The following factors to be considered include:
- any weaknesses identified by management
- any weaknesses identified by external audit
- any weaknesses identified by others
Information on Reported Weaknesses was obtained by detailed review of key university committee papers and minutes, audit reports, management letters, discussions with senior management, the external auditors and any other reports - e.g. risk management reports from departments and faculties.
Strategic Risk Register
In addition where a system or activity maps onto a strategic risk identified by the University in its Strategic Risk Register then this is separately 'starred' on the Audit Universe.
As can be seen from the above, the maximum score for any system or activity is 16 (with a 'star' flag). The Audit Universe is then analysed firstly by star category, overall scoring and then on the scoring within each of the eight key categories identified at para 4.3.
The following "risk gauge" is used by IAS in assessing the level of risk calculated.

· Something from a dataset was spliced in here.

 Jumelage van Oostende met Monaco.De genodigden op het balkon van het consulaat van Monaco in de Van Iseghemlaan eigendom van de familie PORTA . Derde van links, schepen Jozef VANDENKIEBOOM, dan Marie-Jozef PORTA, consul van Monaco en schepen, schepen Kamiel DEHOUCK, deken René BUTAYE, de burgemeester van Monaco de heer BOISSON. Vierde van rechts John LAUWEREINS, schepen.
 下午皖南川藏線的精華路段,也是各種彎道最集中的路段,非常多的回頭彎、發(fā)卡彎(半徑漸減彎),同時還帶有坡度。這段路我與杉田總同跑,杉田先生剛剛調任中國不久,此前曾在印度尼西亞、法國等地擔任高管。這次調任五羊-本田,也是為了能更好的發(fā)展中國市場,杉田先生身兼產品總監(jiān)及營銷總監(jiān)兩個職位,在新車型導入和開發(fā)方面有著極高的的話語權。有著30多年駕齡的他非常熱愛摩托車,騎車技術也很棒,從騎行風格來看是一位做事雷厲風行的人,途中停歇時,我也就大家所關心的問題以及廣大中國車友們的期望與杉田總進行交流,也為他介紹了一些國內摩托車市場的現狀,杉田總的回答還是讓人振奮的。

High Risk Scoring [12 - 16]
Medium Risk Scoring [7 - 11]
Low Risk Scoring [6 or below]
It is acknowledged that this produces a priority listing based on a structured approach. No matter how carefully the four factors are assessed, together with the starred items the Head of IAS requires to review the outcome and use knowledge and judgement to decide whether the audit frequency 'looks' right. Any such adjustments to the scoring are 'flagged' via the use of a comments box on the planning spreadsheet. The arithmetic of the exercise does not and should not predominate over IAS' knowledge and experience of the University. The full planning documentation is presented to the Secretary to the University and Director of Finance as well as the Convener of Audit Committee to ensure that other, possibly intangible, factors are not missed and are taken into account.